(I wasn't going to say any more, now that the heavyweights have got involved and partying, but I just can't resist. I know I will probably regret it.)
We don't have a sample of n = 1. We have a sample of n = 100. The data is 90 h and 10 t. In principle it is no different from a sample of 100 children's heights from a mixed distribution (boys and girls). We can use the 100 heights and maximum likelihood to estimate the different means and SDs of the individual distributions.
In our case, the likelihood of a 90h/10t split is a very complicated function of the numbers of each type of coin in our sample of 100. The likelihood of the actual combination of numbers in our sample is, in turn, a complicated function of the proportions in the population. So, the likelihood of a 90h/10t split is a very, very complicated function of the proportions of each type of coin in the population. There are many well understood methods of maximizing a function of several variables, so in principle, the likelihood function and the maximum likelihood solution could be found.
Of course. we have no realistic chance of deriving the function and doing the actual maximization, but it is not hard to accept that a 90%hh 10%tt 0%ht split in the population is the most likely scenario to give a 90h/10t split in our sample.
(It is almost certainly not the actual situation, but it is the most likely. Or can you think of a more likely one?)
Actually it is interesting that you bring up mixture distributions, as it definitely has that flavor. I'm vaguely aware that mixtures of binomials are not always identifiable in the sense of page 448 top Identifiability of mixtures of power-series distributions and related characterizations (ism.ac.jp). That is essentially the argument i was making about the population model, that even if i told you the actual chance of obtaining a head, more than one set of mixing parameters (ie the frequency with which double head/fair are drawn from the super population) may produce it. so if i said there is a 90% chance of obtaining a head in this experiment, you would have 0.9 = chance of a true head + 0.5 * chance of a fair coin. That's what the paper says anyway...

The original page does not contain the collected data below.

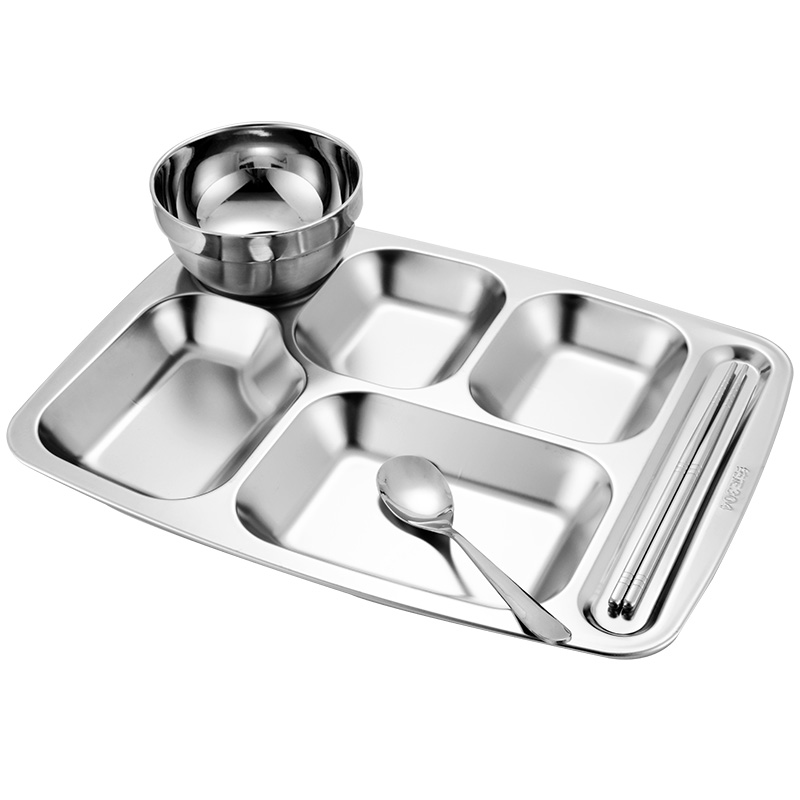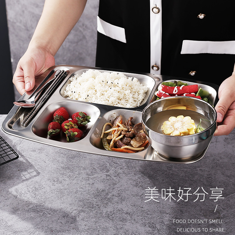 Dinner plate 304 Stainless Steel Split home Dinner Plate Students Adult Plate Commercial Staff Dishes Canteen Snack Dish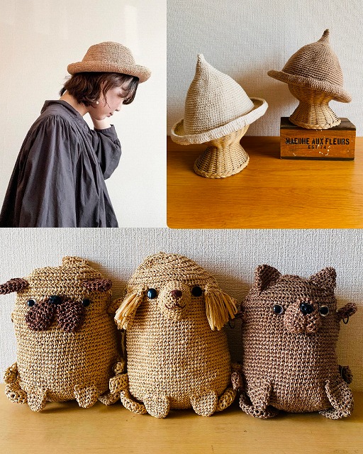 | オススメ商品 | コットンや麻素材のとんがり帽子、ハット。コットンの糸で作った大人、子ども用のチュニック。動物の形のリュックやショルダーバック等 |
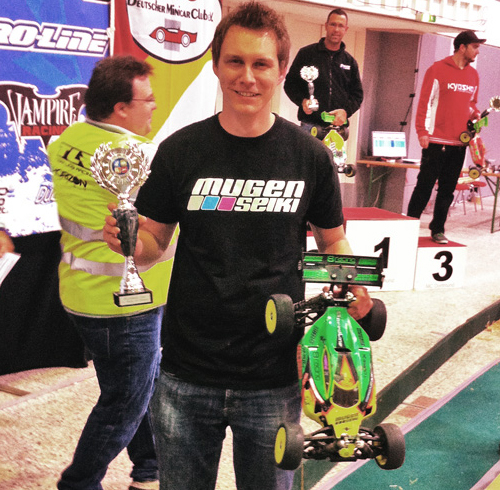 Im Halbfinale B konnte sich Dirk Jakels als erster durchsetzen. Beim Beobachten seines MUGEN MBX-6 ECO fiel mir die geringe Bodenfreiheit auf und kurz vor meinem Halbfinale habe ich meinen MUGEN MBX 6 ECO dann auch noch eine etwas geringere Bodenfreiheit spendiert. Im darauffolgenden Halbfinale B konnte ich mich vor Björn Siewert und Julian Heitjan als erster durchsetzen und durch eine gute Zeit im Finale von der Pole Position und damit vor Dirk Jakels starten. Dominik Röhrig „Dompe“ konnte sich mit seinem MUGEN MBX-6 ECO durch eine beherzte Fahrweise sogar vom Viertelfinale bis ins Finale vorkämpfen.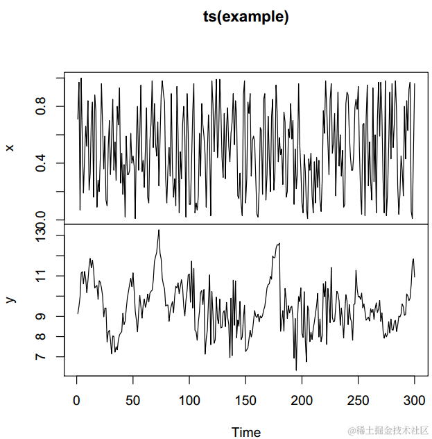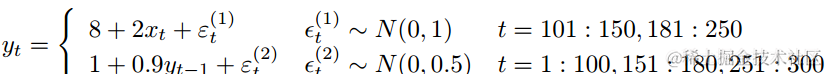 示例数据是一个模拟数据集,用于展示如何检测两种不同模式的存在:一种模式中的响应变量高度相关,另一种模式中的响应仅取决于外生变量x。自相关观测值的区间为1到100、151到180 和251到300。每种方案的真实模型为: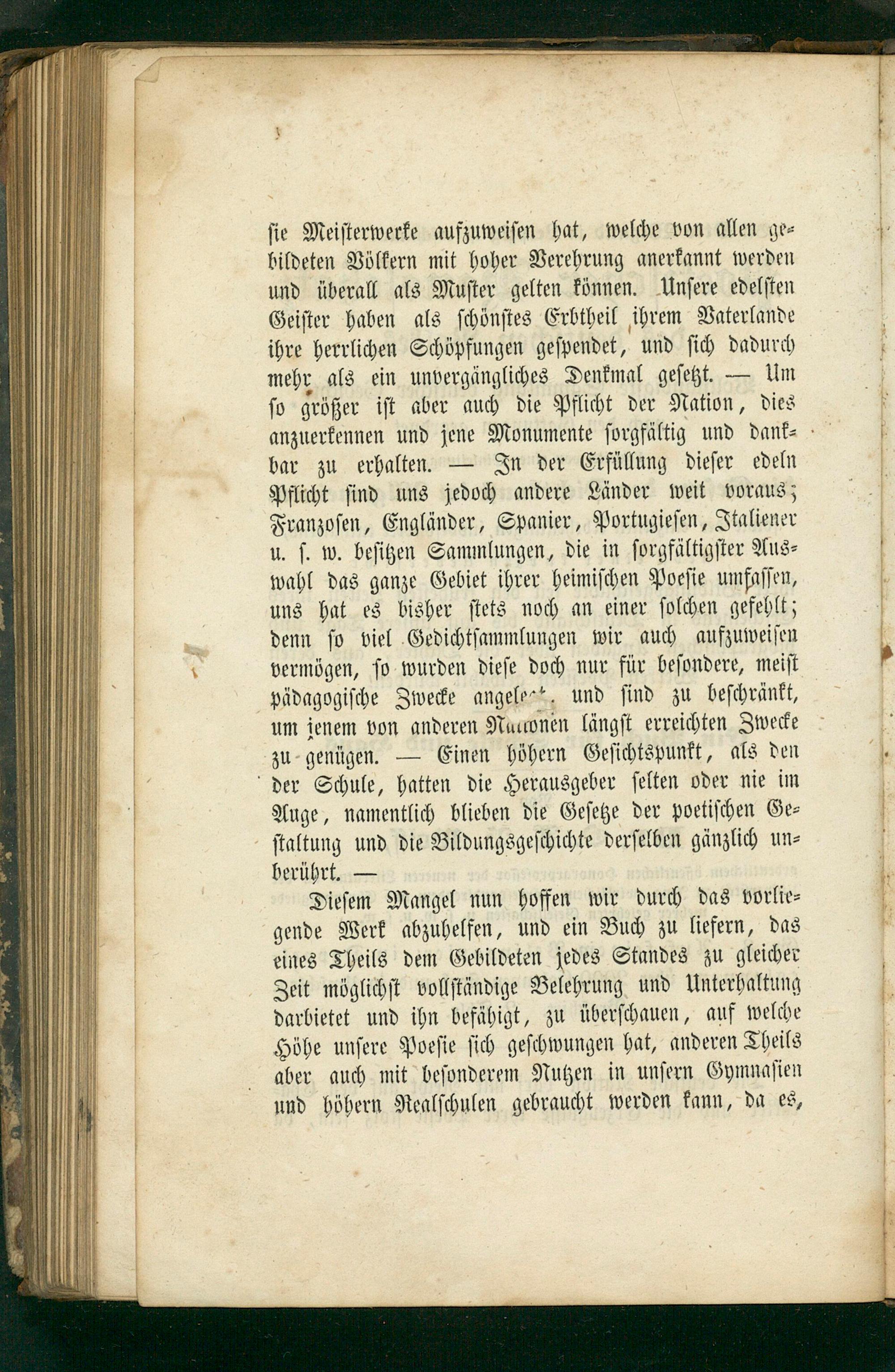 bar zu erhalten.— In der Erfüllung dieſer edeln Pflicht ſind uns jedoch andere Länder weit voraus; Franzoſen, Engländer, Spanier, Portugieſen, Italiener u. ſ. w. beſizen Sammlungen, die in ſorgfältigſter Aus⸗ wahl das ganze Gebiet ihrer heimiſchen Poeſie umfaſſen, uns hat es bisher ſtets noch an einer ſolchen gefehlt; denn ſo viel Gedichtſammlungen wir auch aufzuweiſen vermögen, ſo wurden dieſe doch nur für beſondere, meiſt pädagogiſche Zwecke angele⸗“ und ſind zu beſchränkt, um jenem von anderen Nuuwnen längſt erreichten Zwecke zu genügen.— Einen höhern Geſichtspunkt, als den der Schule, hatten die Herausgeber ſelten oder nie im Auge, namentlich blieben die Geſetze der poetiſchen Ge⸗ ſtaltung und die Bildungsgeſchichte derſelben gänzlich un⸗ berührt.—
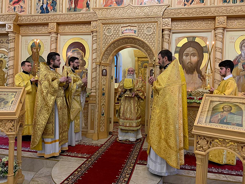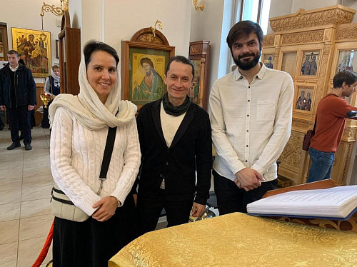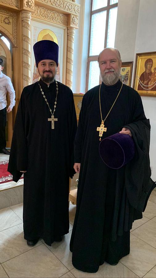 После Богослужения настоятель храма выразил благодарность Его Преосвященству за радость совместного Богослужения и общей молитвы и преподнес в дар для Андреевского ставропигиального монастыря Богослужебные покровцы и воздух.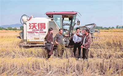 糧食安全是“國之大者”。安徽省含山縣紀(jì)委監(jiān)委聚焦高標(biāo)準(zhǔn)農(nóng)田建設(shè)管理中的突出問題開展一線走訪,推動(dòng)“糧田”變“良田”。圖為該縣紀(jì)檢監(jiān)察干部在環(huán)峰鎮(zhèn)城北村水稻收割現(xiàn)場(chǎng)了解相關(guān)情況。歐宗濤 攝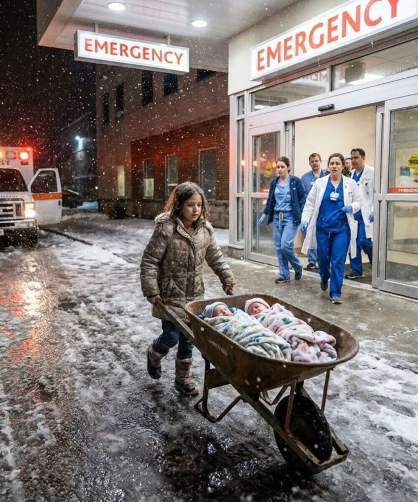 My mom hasn’t woken up for three days…” The words came out of the little girl’s throat raw and broken as she pushed an old, dented wheelbarrow down a cracked dirt road that stretched endlessly through dry fields and silence. Her name was Lucía Morales, and she was only seven years old. The handles of the wheelbarrow were rusted and jagged, biting into her small palms until blisters split open and her hands burned with every step, but she did not stop. Inside the wheelbarrow, wrapped in blankets that were never meant to protect such fragile bodies from the cold dawn air, lay her newborn twin brothers, Mateo and Samuel. They were not sleeping peacefully the way babies in picture books do. They were fighting—each shallow breath a quiet struggle, each faint sound a reminder that time was slipping away. Their home was miles from the nearest town, isolated among fields where nothing grew easily. A year earlier, their father had been killed in a workplace accident, leaving Lucía and her mother, Carmen, alone to survive on temporary jobs and hope. Hunger had become a familiar companion, fear an unspoken constant. Carmen had gone into labor alone, without a doctor, without a midwife, without anyone. Two days after giving birth, burning with fever and shaking uncontrollably, she collapsed onto the thin mattress they shared. Lucía waited for her to wake up. She waited through the night, through another long morning, whispering her name again and again. Her mother never opened her eyes. When the babies’ cries grew weaker and then frighteningly quiet, Lucía understood something no child ever should—that waiting was no longer an option.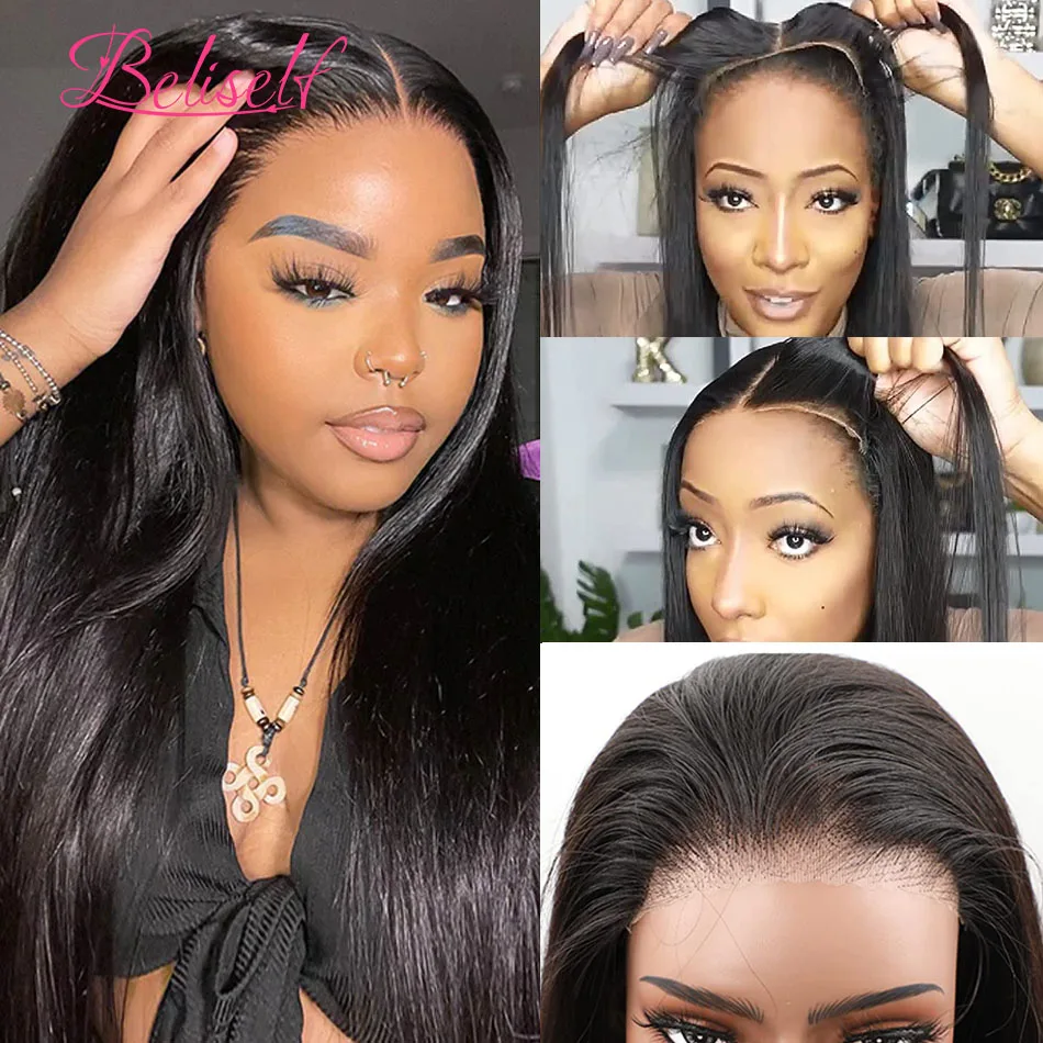 Beliself Glueless Human Hair Wig Straight 13x6 HD Lace Frontal Wig Pull Go Glueless Wig Human Hair with Elastic Drawstring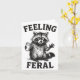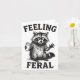 Tarjeta Feeling Feral Raccoon Drink Coffee Funny Trash Pan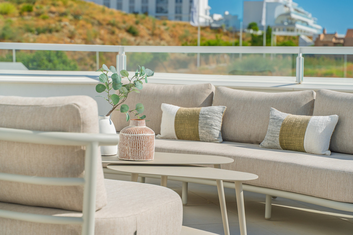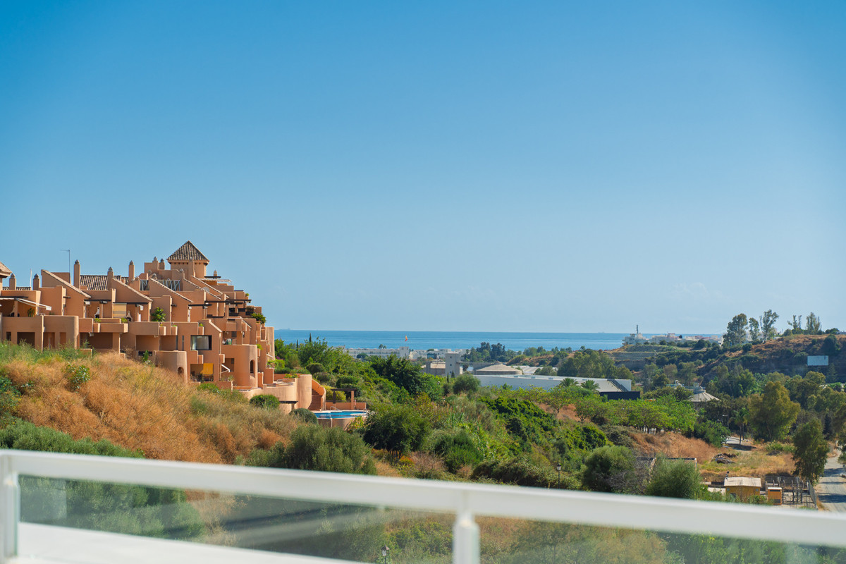 Ontdek dit prachtige duplex penthouse op de tweede verdieping met een adembenemend panoramisch uitzicht op de zee en de bergen. De woning beschikt over een ruim terras in de woonkamer en een dakterras met een privésolarium en een elegante witte pergola, perfect om in alle privacy te genieten van de mediterrane zon. Het penthouse beschikt over drie slaapkamers en drie badkamers, een eigen parkeerplaats en een berging, waardoor comfort en gemak voor het hele gezin gegarandeerd zijn. Bewoners kunnen genieten van een prachtig gemeenschappelijk zwembad om te ontspannen en van de zon te genieten. Het exclusieve clubhuis La Familia biedt toegang tot een restaurant, een binnenzwembad en een fitnessruimte. Het complex zelf biedt ook een fitnessruimte en een coworkingruimte, die luxe wonen combineert met moderne voorzieningen. De accommodatie is centraal gelegen in Estepona, op slechts 5 minuten rijden van het strand en de nabijgelegen strandclubs. Voor natuur- en gezinsvermaak is het Selwo Aventura Wildlife Park op korte rijafstand. Estepona ligt op 10 minuten, Marbella op 15 minuten en de luchthaven van Malaga op ongeveer 50 minuten. Dit penthouse biedt de perfecte combinatie van privacy, elegantie, ruimte en een mediterrane levensstijl met een spectaculair uitzicht.

What im not so sure about is: does considering the finite sample model as you do alter the identifiability problem? I think that is ultimately the kernel of what im trying to get at here.
Its fine that it is maximum liklihood, but lilihood is only important because it produces good estimates. If it fails to do so, what is the differene between very likely non-sense, and just guessing at random. Its pretty clear that asymtotically the mle you discuss gives an estimated number of double heads = true double heads + 0.5 * true fair coins? If that's right then it is asymptotically biased, and, worse yet, it gets further away from the 'right' answer as the number of coins increases!
It's the 4th and I've had a few drinks but ... Is anybody really that concerned that when n=1 we might not be able to do great?